* Work instruction *
Write out the listing below in full and exactly, leaving out every picture.

--- Data segment ---

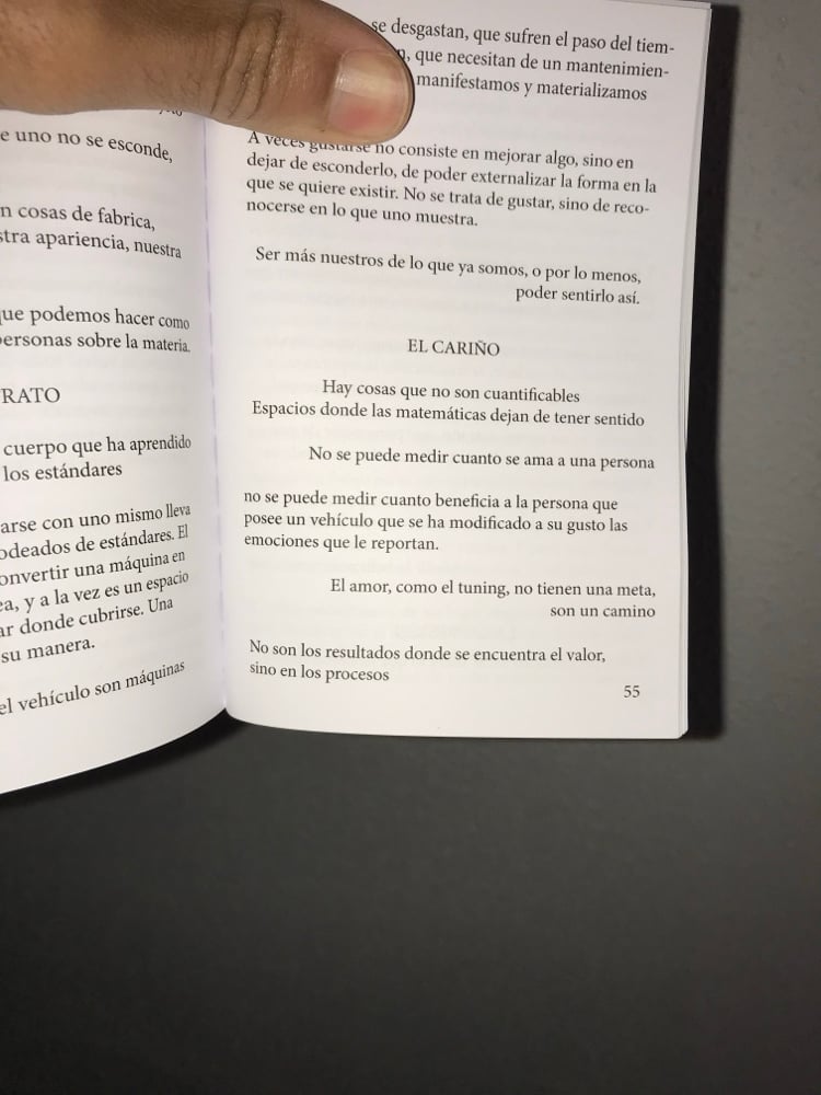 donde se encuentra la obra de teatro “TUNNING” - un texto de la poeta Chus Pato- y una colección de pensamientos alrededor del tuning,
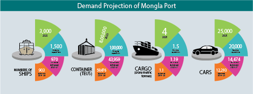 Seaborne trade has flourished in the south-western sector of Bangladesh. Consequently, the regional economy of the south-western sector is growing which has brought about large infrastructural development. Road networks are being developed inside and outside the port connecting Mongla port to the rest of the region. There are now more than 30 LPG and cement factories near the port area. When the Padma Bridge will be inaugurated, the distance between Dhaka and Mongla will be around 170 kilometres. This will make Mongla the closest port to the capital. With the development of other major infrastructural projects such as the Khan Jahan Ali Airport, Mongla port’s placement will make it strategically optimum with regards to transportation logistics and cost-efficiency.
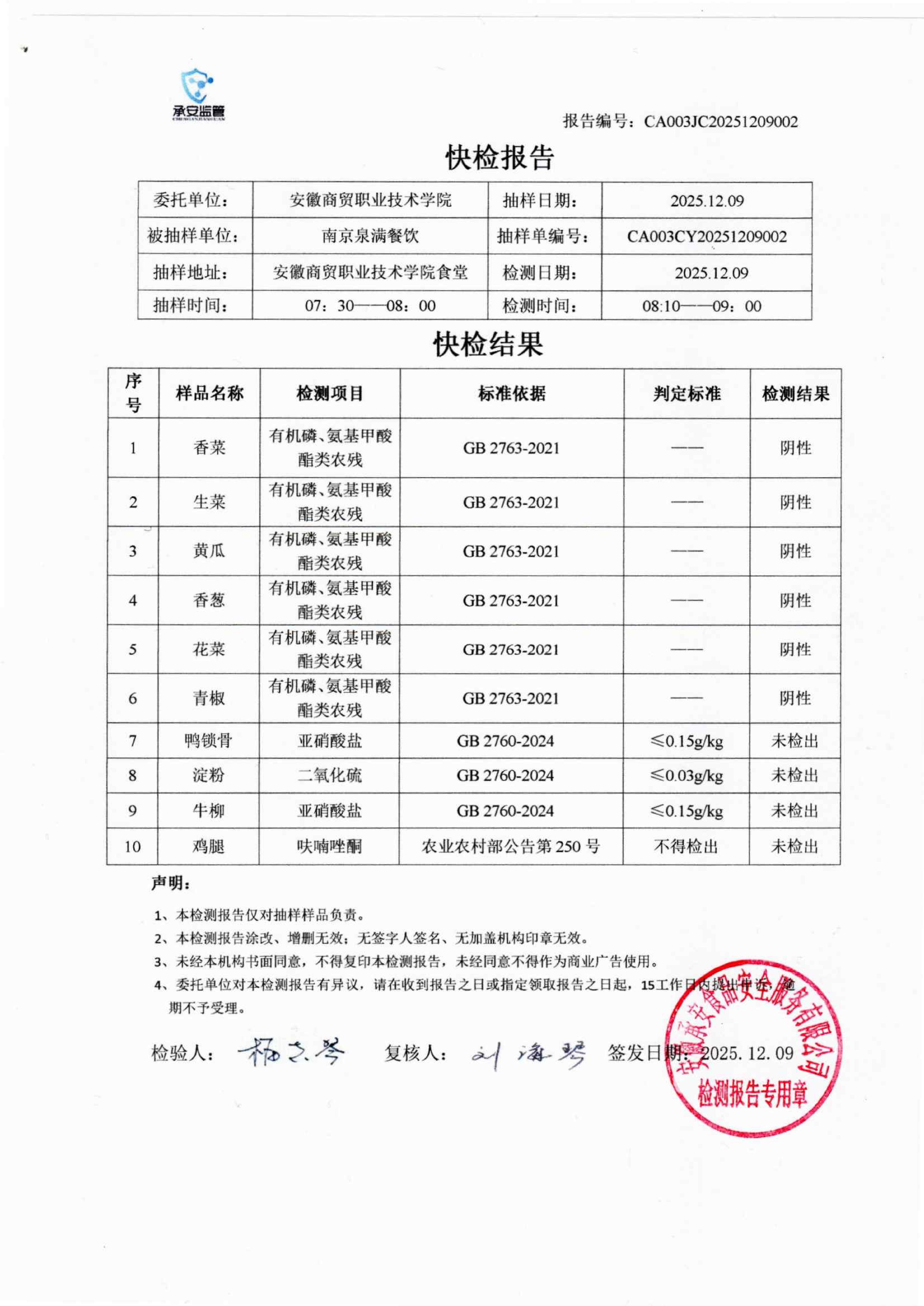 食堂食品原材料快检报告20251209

---

* Result of the exercise *
 donde se encuentra la obra de teatro “TUNNING” - un texto de la poeta Chus Pato- y una colección de pensamientos alrededor del tuning,
 Seaborne trade has flourished in the south-western sector of Bangladesh. Consequently, the regional economy of the south-western sector is growing which has brought about large infrastructural development. Road networks are being developed inside and outside the port connecting Mongla port to the rest of the region. There are now more than 30 LPG and cement factories near the port area. When the Padma Bridge will be inaugurated, the distance between Dhaka and Mongla will be around 170 kilometres. This will make Mongla the closest port to the capital. With the development of other major infrastructural projects such as the Khan Jahan Ali Airport, Mongla port’s placement will make it strategically optimum with regards to transportation logistics and cost-efficiency.
 食堂食品原材料快检报告20251209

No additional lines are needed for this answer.